2019 Godolphin Mile Winner
Sire: Stay Thirsty
Grandsire: Bernardini
Dam: Miner’s Secret
Damsire: Mineshaft
Other relatives: Unknown
Sex: Male
Foaled: 2015
Country: United States
Colour: Dark Bay
Breeder: Michael Edward Connelly
Owner: Robert V. LaPenta and Head of Plains Partners LLC
Trainer: Todd Pletcher
Jockey: Javier Castellano
Record: 13 Starts: 8 - 0 - 1
Earnings: $1,825,280
Post Career: Entered stud in 2020 at Spendthrift Farm, KY
Coal Front was a tough, versatile, hard knocking sprinter and miler who became one of the more popular older horses in the country during his peak seasons of 2018 and 2019. He was a bay colt born in 2014 in Kentucky. His sire was Stay Thirsty, the Travers Stakes winner of 2011 who narrowly missed in the Belmont Stakes that same year. His dam was Miner's Secret, by Mineshaft, who himself was the 2003 Horse of the Year. The pedigree was strong on both sides, with two top class American sires close up. Coal Front was raced by Robert V. LaPenta in partnership with Head of Plains Partners and was trained by Hall of Famer Todd Pletcher. He never won a Grade 1, but he became a dependable graded stakes winner who shipped well, ran on different surfaces, and stretched out from sprints to a one turn mile without missing a beat.

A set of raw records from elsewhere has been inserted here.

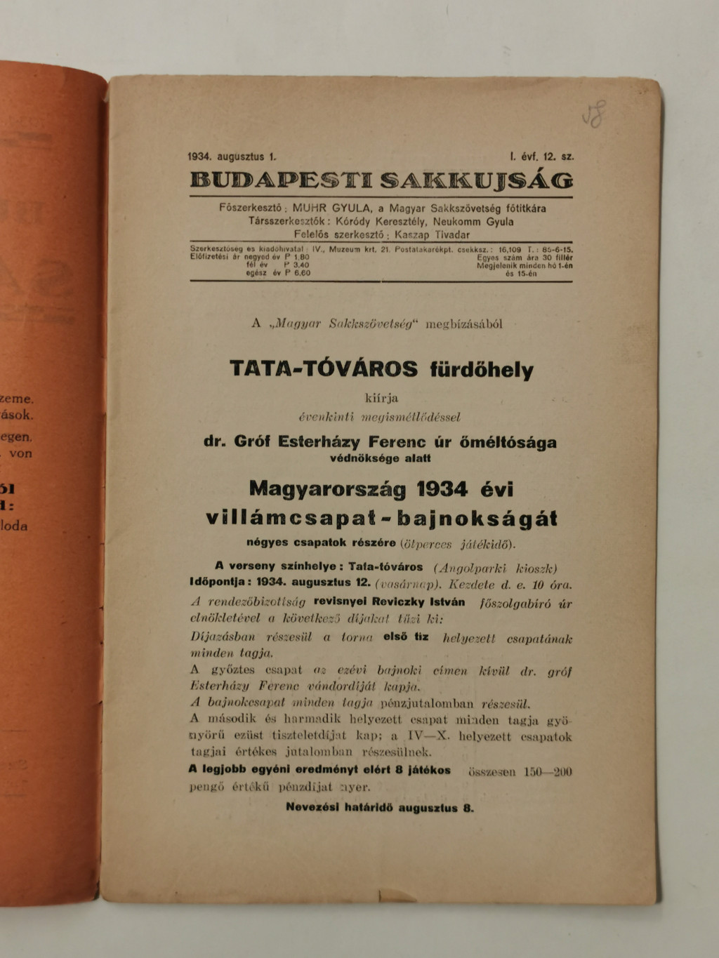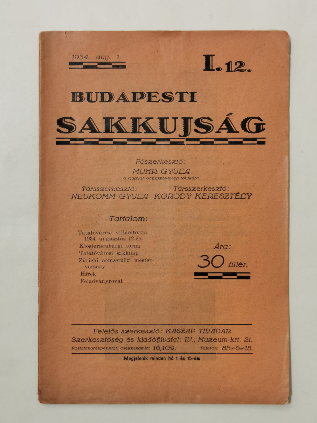 Budapesti Sakkujság I. évf. 12. sz. - 1934. augusztus 1.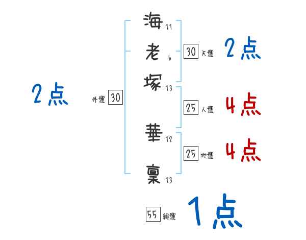 天運![]() | 海老塚華稟さんの天運は30画の2つ星!浮き沈みの激しさに注意しましょう。 家系が持つ宿命的な運勢を表します。祖先から受け継いだ苗字ですので自分の力が及びません。家柄を象徴します。 |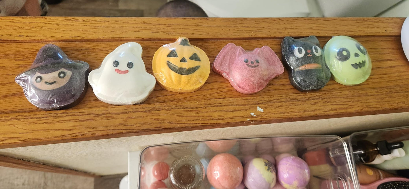 Dive into Halloween cheer with 6 handmade bath bombs in adorable spooky shapesβpumpkin, ghost, witch, bat, black cat, and spider. Each bomb fizzes to release vibrant color, enchanting scents, and skin-nourishing natural ingredients, making bath time a festive treat for kids, teens, and women alike.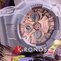 Серый корпус с матовой поверхностью отлично гармонирует с металлизированным циферблатом, представленным в цвете розового золота. Аксессуар станет подходящим вариантом для ежедневного ношения. Отдельно стоит выделить наличие противоударного корпусаУдаропрочный корпусМеханизм заключён в корпус, выполненный из современных материалов, устойчивых к ударам, механическим повреждениям и падению с высоты: инновационный пластик, карбон, нержавеющая сталь, титан. из полимерного пластика, который обеспечивает японский кварцевый механизм максимальной защитой. Батарейка обеспечивает механизм энергией на протяжении 3 лет. Циферблат подсвечивается ярким светодиодомСветодиодная подсветкаСветодиодная или LED-подсветка обеспечивает появление яркого холодного свечения за счёт LED-элементов - маленьких лампочек. Они потребляют минимальное количество энергии, чаще всего можно встретить 1 светодиод, в нижней части циферблата.. Минеральное стекло препятствует образованию царапин. Сохранение водостойкости конструкции при давлении до 20 бар. Устойчивость к негативному воздействию магнитных полей. Автоматический календарь до 2099 года, 5 ежедневных будильников, хронографХронографФункция позволяет измерять отрезки времени с особой точностью: часы, минуты, секунды. Верным признаком хронографа является наличие на циферблате 3 дополнительных окошек-счётчиков., секундомер с точностью в 1/100 секунды, мировое времяМировое время Полезное часовое усложнение, отображающее время в основных городах и известных областях по всему миру, оно связано с часовыми поясами, удобно для путешественников и бизнесменов. , таймер, UTCUTCВсемирное кординационное время, не имеющее привязки к географическому положению Гринвича, основывается на атомном отсчёте времени. Регулировка времени осуществляется более точно, чем устаревшее GMT.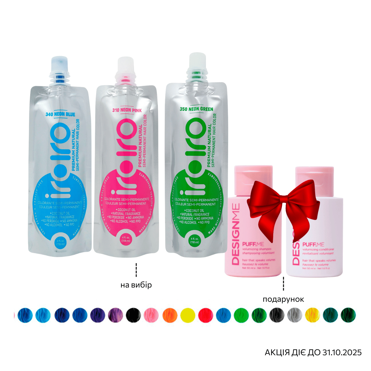 АКЦІЙНИЙ КОМПЛЕКТ: Барвники ІроІро 118 мл (3 будь-яких відтінків) + Подарунок PUFF.ME Shampoo & Conditioner 60 мл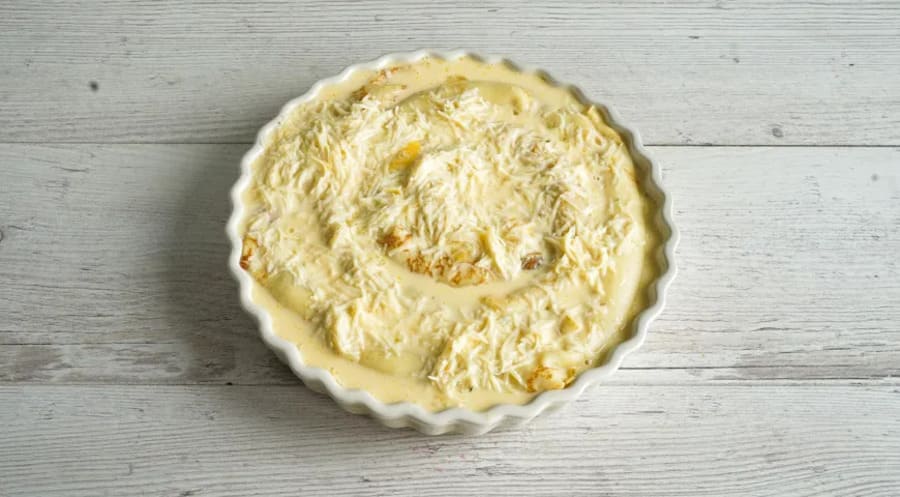 Запекать пирог следует при температуре около 180 °C примерно 20–30 минут, пока сыр не расплавится, а верх не станет аппетитно золотистым. Такой пирог прекрасно сочетается с лёгким салатом из свежих овощей или сметанным соусом и подаётся как самостоятельное, сытное блюдо.

He started his career late as a three year old in 2017 and made up for lost time quickly. He won his first three career races, including the Amsterdam Stakes at Saratoga and the Gallant Bob Stakes at Parx, both Grade level wins for an emerging sprinter. He kept rolling at four with a victory in the Mr. Prospector Stakes at Gulfstream. His five year old season in 2019 was the high water mark of his career. He won the Razorback Handicap at Oaklawn Park stretching out, then traveled across the world to take the Godolphin Mile at Meydan Racecourse on Dubai World Cup night, beating an international field on one of the biggest stages in the sport. He added the Parx Dirt Mile at Parx Racing later that year and was retired soon after with eight wins from thirteen starts and earnings of more than 1.7 million dollars.
He went to stud in Kentucky, at first standing at Lane's End, but after his fee softened, he was relocated to a regional stallion job in Louisiana, where he stands at a friendly fee that makes him available to small breeders. His first crops have included graded stakes runners and useful regional stakes winners, even if he has not yet produced a runner who matches his own racing record. Coal Front is the kind of horse who tends to be undervalued in the breeding shed because he never had a Grade 1 line on his page, but his honest career across three years of racing tells the more important story. He was sound, fast, well traveled, and willing to fight at every distance and surface his connections asked him to try.